31. A method for detecting the presence of IL-13 in a sample in vitro, comprising

providing a first anti-IL-13 antibody molecule immobilized on a support;

providing a sample obtained from the subject after exposure to the second anti-IL-13 antibody molecule;

contacting the sample with the first anti-IL-13 antibody under conditions that allow binding of IL-13 to the immobilized first anti-IL-13 antibody molecule to occur, and

detecting IL-13 in the sample relative to a reference value;

wherein the first and second anti-IL-13 antibodies bind to different epitopes on IL-13.

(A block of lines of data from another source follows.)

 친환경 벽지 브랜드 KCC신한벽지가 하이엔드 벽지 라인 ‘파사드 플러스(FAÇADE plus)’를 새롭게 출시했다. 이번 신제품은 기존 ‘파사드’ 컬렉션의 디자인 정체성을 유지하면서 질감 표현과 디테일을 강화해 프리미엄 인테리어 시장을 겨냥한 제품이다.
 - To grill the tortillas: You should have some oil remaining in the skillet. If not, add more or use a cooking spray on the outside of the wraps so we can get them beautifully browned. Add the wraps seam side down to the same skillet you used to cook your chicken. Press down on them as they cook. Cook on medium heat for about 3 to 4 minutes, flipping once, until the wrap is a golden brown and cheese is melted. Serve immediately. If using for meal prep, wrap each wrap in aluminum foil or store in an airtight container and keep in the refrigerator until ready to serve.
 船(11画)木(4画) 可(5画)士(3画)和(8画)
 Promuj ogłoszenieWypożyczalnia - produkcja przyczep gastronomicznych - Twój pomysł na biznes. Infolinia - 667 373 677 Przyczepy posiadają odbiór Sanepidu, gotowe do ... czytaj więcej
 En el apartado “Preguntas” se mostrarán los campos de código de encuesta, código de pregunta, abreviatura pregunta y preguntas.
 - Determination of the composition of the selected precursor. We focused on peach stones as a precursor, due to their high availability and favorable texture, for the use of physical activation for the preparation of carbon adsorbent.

32. The method of claim 31, wherein the first anti-IL-13 antibody molecule binds substantially free IL-13 and does not substantially bind IL-13 bound to the second anti-IL-13 antibody molecule.

33. The method of claim 31, wherein the first anti-IL-13 antibody molecule binds substantially free IL-13 and IL-13 bound to the second anti-IL-13 antibody molecule.

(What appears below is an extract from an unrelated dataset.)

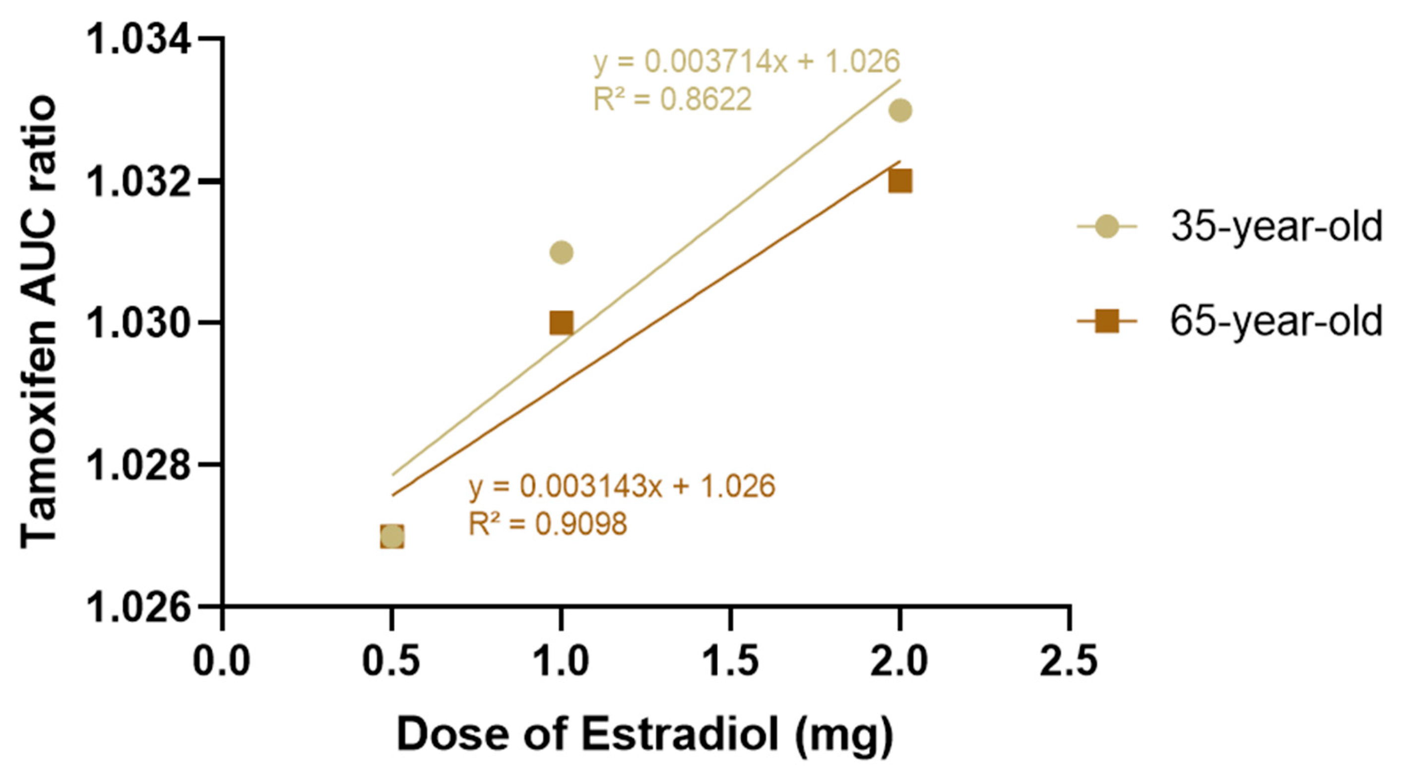 Figure 4 illustrates this relationship, showing that although there is a linear correlation between increasing the dose of estradiol and the AUC ratio of tamoxifen, the impact is minimal. Linear regression analysis confirmed that the increase in tamoxifen exposure was minimal and did not warrant significant clinical concerns.

34. The method of claim 31 , wherein the binding to the immobilized first anti-IL-13 is accomplished using a labeled third anti-IL-13 antibody molecule or a labeling substance that recognizes the IL-13 first or second antibody molecule complex Detection of the presence of IL-13 by the antibody molecule.

35. The method of claim 31, wherein a change in the level of IL-13 bound to the first anti-IL-13 antibody molecule in the sample relative to a control sample is indicative of the presence of IL-13 in the sample.

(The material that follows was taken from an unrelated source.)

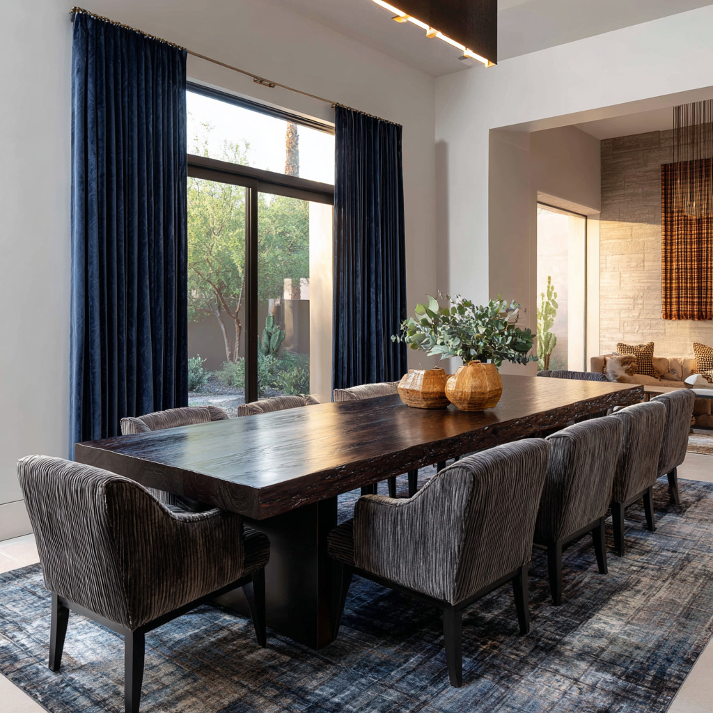 Deep drapery also acts as a mood tool: it visually narrows bright openings, which makes the dining table feel like the center of attention. This is one of the cleanest ways to create intimacy without adding objects.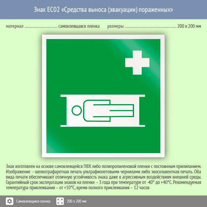 Знак EC02 «Средства выноса (эвакуации) пораженных» (пленка, 200х200 мм) в Краснодаре купить

36. The method of claim 35, wherein the change is an increase in the level of IL-13 in the sample relative to a predetermined level, wherein the increase is indicative of increased inflammation in the lung.

37. The method of claim 31, wherein the sample is a biological sample selected from the group consisting of serum samples, plasma samples, tissue samples, and biopsies.

38. A method for assessing the efficacy of an IL-13 antagonistic binding agent in alleviating pneumonia in a subject, comprising detecting in a sample unbound and/or bound to IL-13 antagonistic agents according to the method of any one of claims 31-37. IL-13 levels of an antagonistic binding agent, wherein a change in the level of unbound and/or bound IL-13 relative to a reference sample is indicative of the potency of the IL-13 antagonistic binding agent.

39. The method of claim 38, further comprising assessing a change in the level of one or more eosinophil chemoattractant proteins, histamine released from basophils, IgE titers in the sample, or assessing the subject Changes in symptoms.

40. The method of claim 38 or 39, wherein the reduction of IL-13 levels unbound and/or bound to an IL-13 antagonistic binding agent, or the increase in IL-13 levels bound to an antagonistic binding agent is IL-13 An indication that -13 antagonistic binding agents are effective in reducing pneumonia in a subject.

41. A kit for use in any one of claims 1-29, comprising an IL-13 antagonist and/or an IL-4 antagonist, useful for treating or preventing an IL-13-associated disease or condition at a single treatment interval manual.

42. Composition for use in a method according to any one of claims 1-29.

43. Use of a composition comprising an IL-13 antagonist and/or an IL-4 antagonist for the manufacture of a medicament for the treatment or prevention of an IL-13 related disease or condition at a single treatment interval.